Barack Obama is supposed to be the World’s Greatest Orator, the smartest man in the world. Yet his campaign asks us to believe he is not even competent to construct a sentence.
Taranto adds:
There’s a website called didntbuildthat.com with a variety of hilarious treatments of the Obama philosophy. Of course, whoever’s running the site didn’t build that. As he acknowledges, Al Gore did. And hey, remember Julia, Barack Obama’s composite girlfriend? At 42, she starts a Web business. Under President Obama, she didn’t build that.
Obama may be God’s gift to comedy, but Romney is right that the philosophical stakes here are serious.

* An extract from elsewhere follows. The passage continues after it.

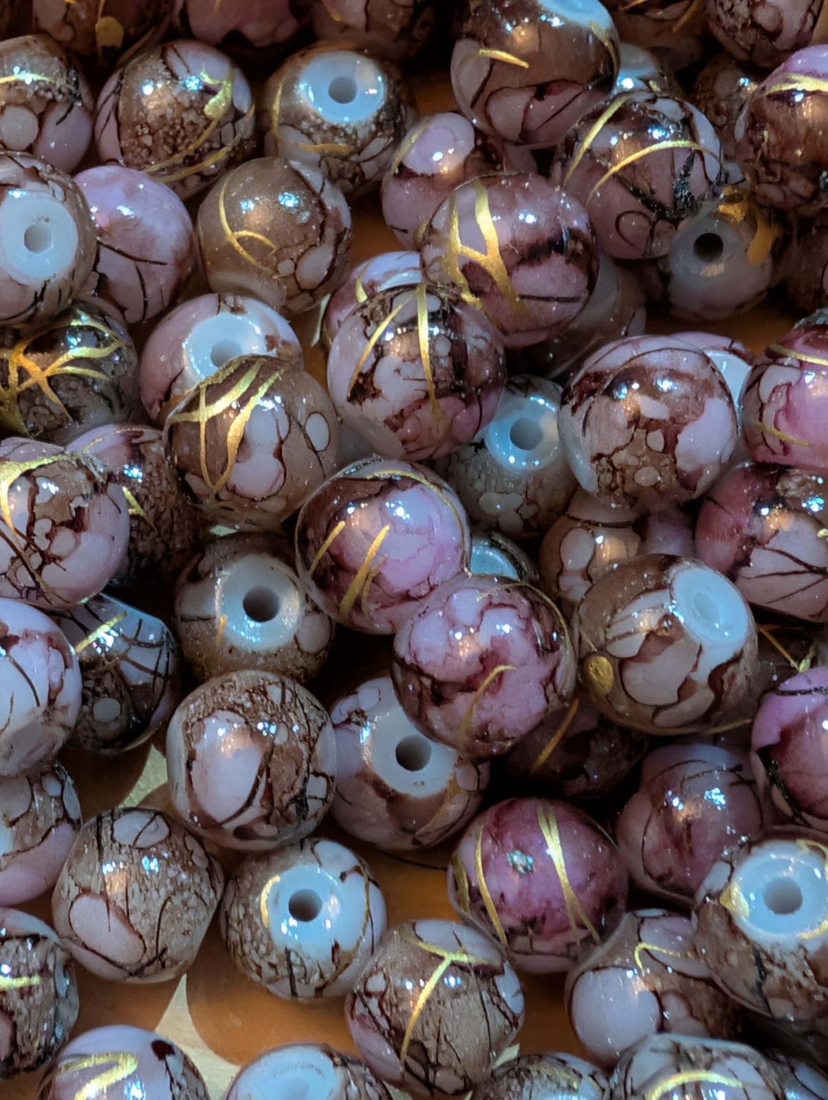 Deze kralen hebben een delicate mix van zacht roze en warm bruin, versierd met fijne goudaders die als kleine barstjes van licht over het oppervlak lopen. De marmerlook maakt elke kraal uniek, alsof ze stuk voor stuk met de hand geverfd zijn. Een subtiel luxe uitstraling, perfect voor elegante én speelse creaties.

The president’s remark was a direct attack on the principle of individual responsibility, the foundation of American freedom. If “you didn’t build that,” then you have no moral claim to it, and those with political power are morally justified in taking it away and using it to buy more political power. “I think that when you spread the wealth around, it’s good for everybody,” Obama said in another candid moment, in 2008.
Obama helpfully provided much of the narration for Mitt Romney’s latest online ad:
Former White House Chief of Staff John Sununu earlier this week was forced to apologize for saying “I wish this president would learn how to be an American.”
What Sununu should have said was what Louisiana Gov. Bobby Jindal, potentially Romney’s vice presidential pick (who originally is from india), said:
“The problem is that the private sector is so foreign to our President that he would need a passport to go there and a translator to understand what is happening once he arrived.”
There is no reason — none — for anyone to vote for Obama.